In support of his position that it is not necessary to obtain permission from the bankruptcy court to prosecute this action, appellant cites such domestic cases as Rice v. Kelly, 226 Ky. 347, 10 S. W. 2d 1112, and such foreign cases as St. Louis B. & M. Ry. Co. v. Texas Mexican Ry. Co., Tex. Civ. App., 181 S. W. 2d 895, which latter went to the Supreme Court and is reported in 328 U. S. 134, 66 S. Ct. 937, 90 L. Ed. 1132; Smith v. Folsom, 190 Ga. 460, 9 S. E. 2d 824; Baldwin v. Neal, 190 Ark. 673, 80 S. W. 2d 648. These cases are easily distinguished from the one at bar.

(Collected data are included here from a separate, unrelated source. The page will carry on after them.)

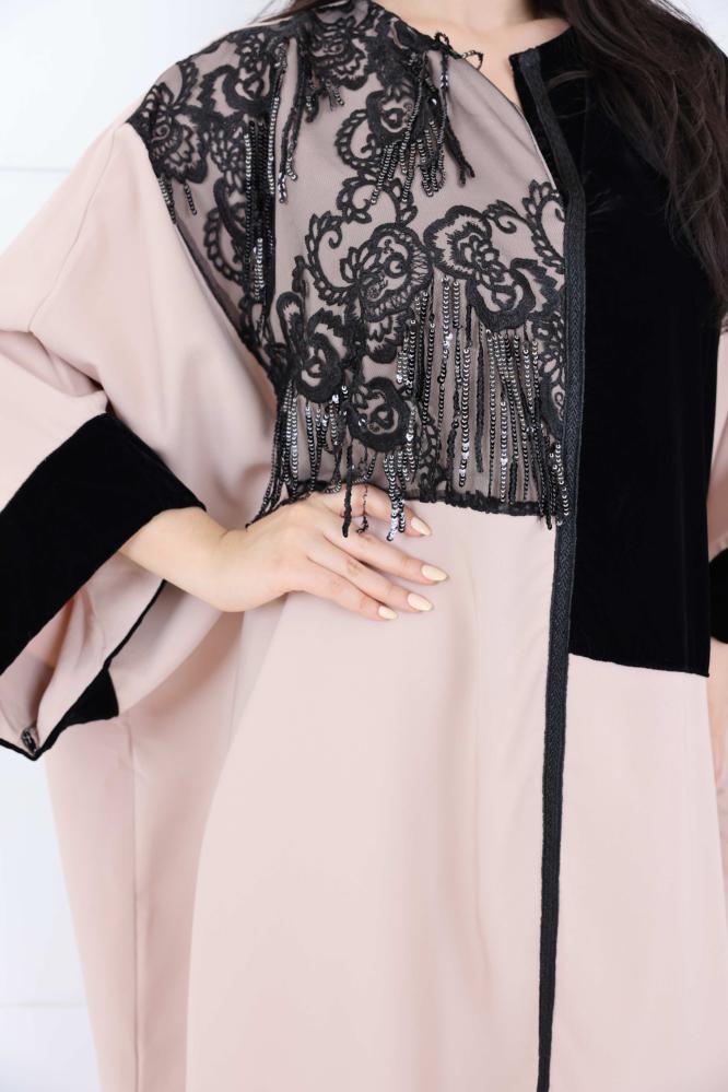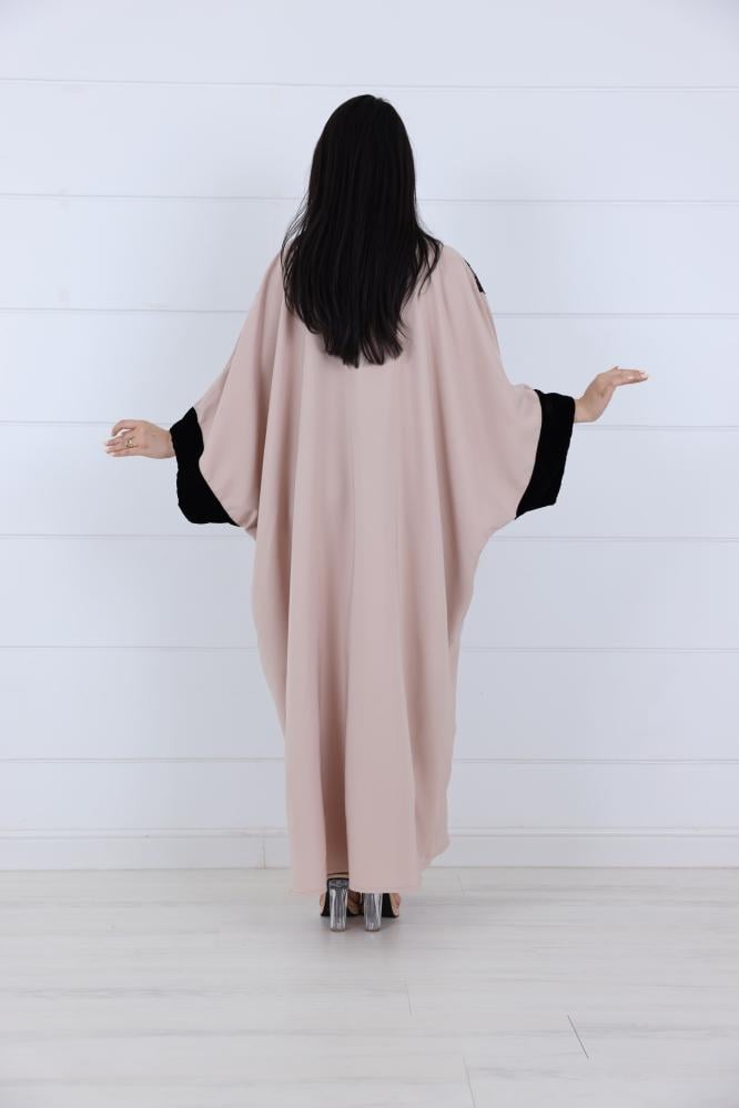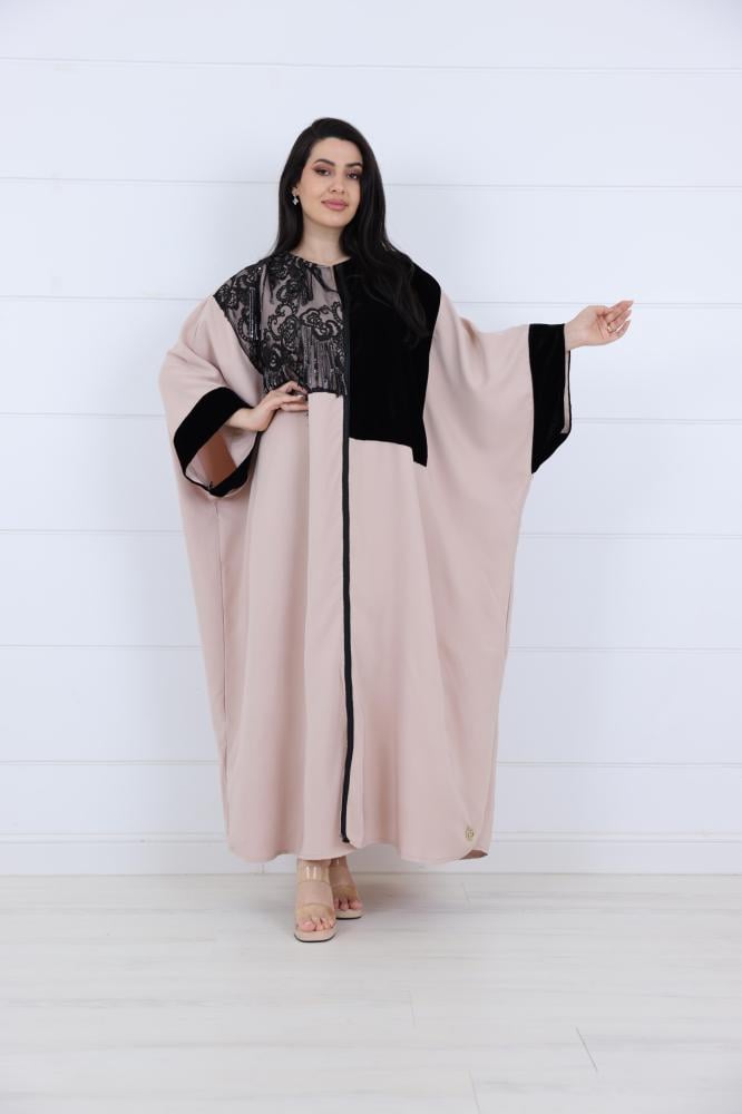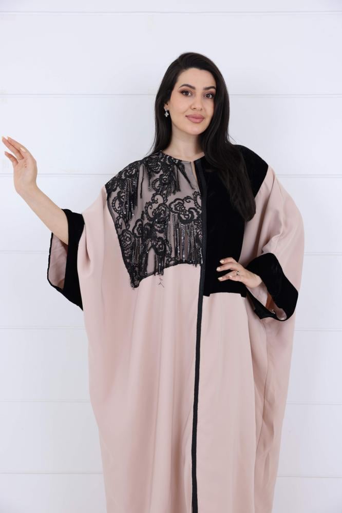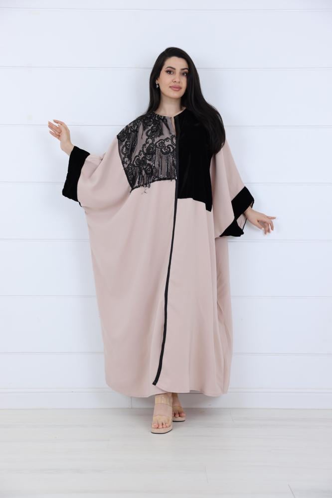 جلابية كريب واسعة مع دانتيل ومخمل لون بيج
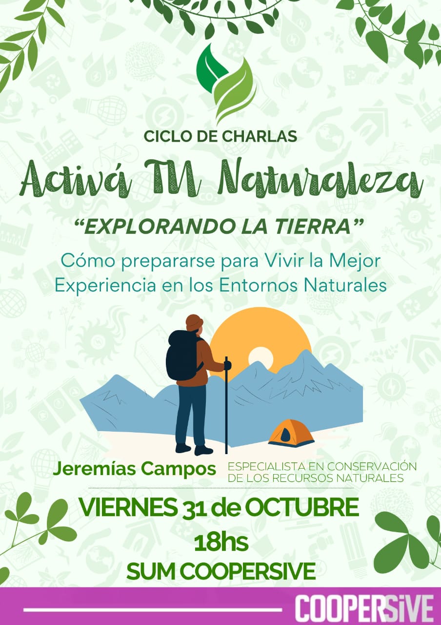 La charla será dictada por Jeremías Campos, quien es especialista en Conservación de los Recursos Naturales. El evento se realizará este viernes 31 de octubre a las 18:00 horas en el SUM COOPERSIVE. El encuentro está dirigido a quienes deseen mejorar sus conocimientos y preparación para disfrutar de manera segura y responsable de la naturaleza.
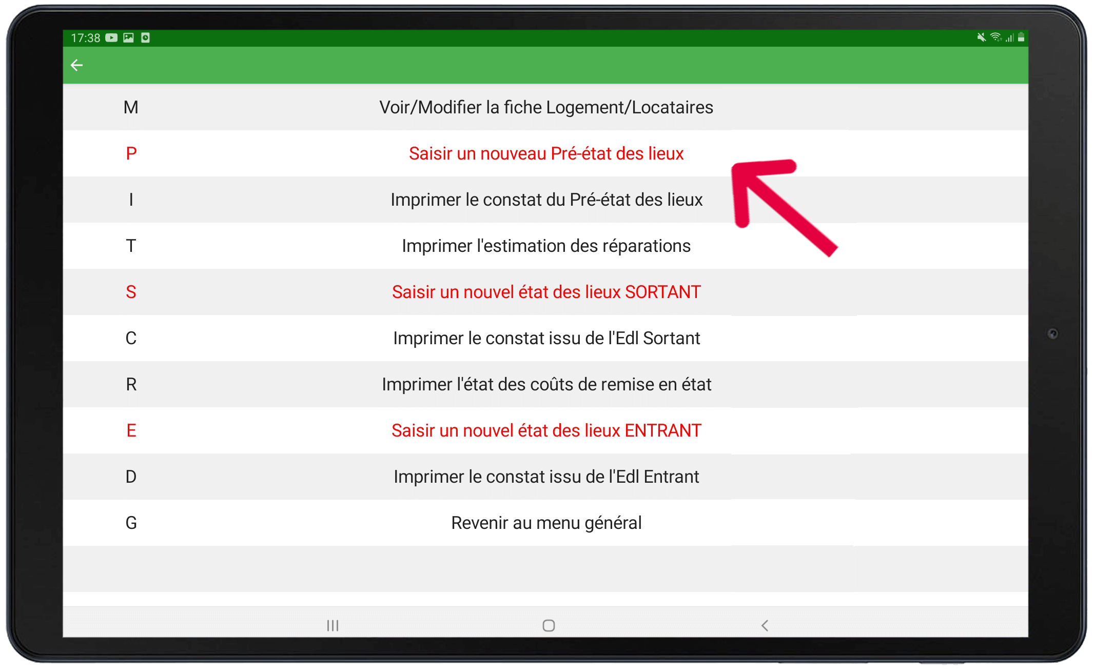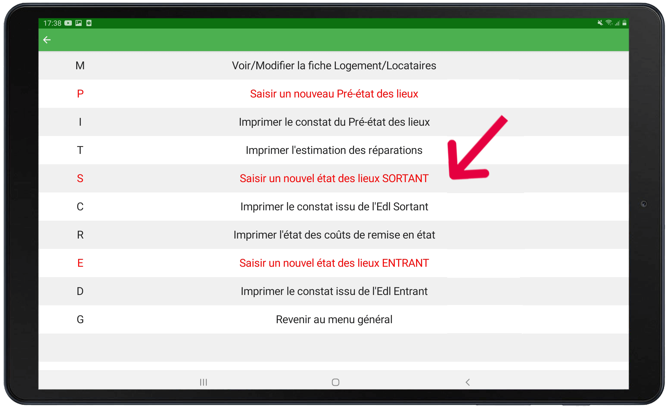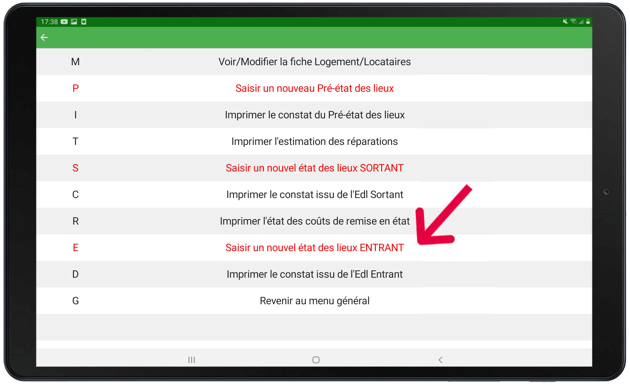 Parmi celles-ci vous pouvez choisir la saisie d'un état des lieux entrant :

The Rice case was decided prior to the enactment of sec. 77B of the National Bankruptcy Act, 11 U. S. C. A. sec. 207, which gives the bankruptcy court exclusive jurisdiction of the bankrupt’s estate in a re-organization proceeding, such as was pending when the instant suit was filed in the Lawrence Circuit Court. In the Tex-Mex case the restraining order of the bankruptcy court expressly allowed actions against the trustee for damages growing out of the operation of the road. It was not necessary for the order to so recite as sec. 66 of the Judicial Code, 28 U. S. C. A. sec. 125, allows such actions. In the opinion in that case in the United States Supreme Court it is said that had the suit attempted to interfere with the trustee’s operation of the road, it could not have been prosecuted without the bankruptcy court’s permission. The Baldwin case, like the Tex-Mex case, was one for damages against the trustee who was operating a bankrupt railroad. In the Smith case there was no interference with the trustee’s administration of the bankrupt’s estate and the result of filing an interpleader bringing him into the state court was to invite him to share in more assets of the bankrupt’s estate.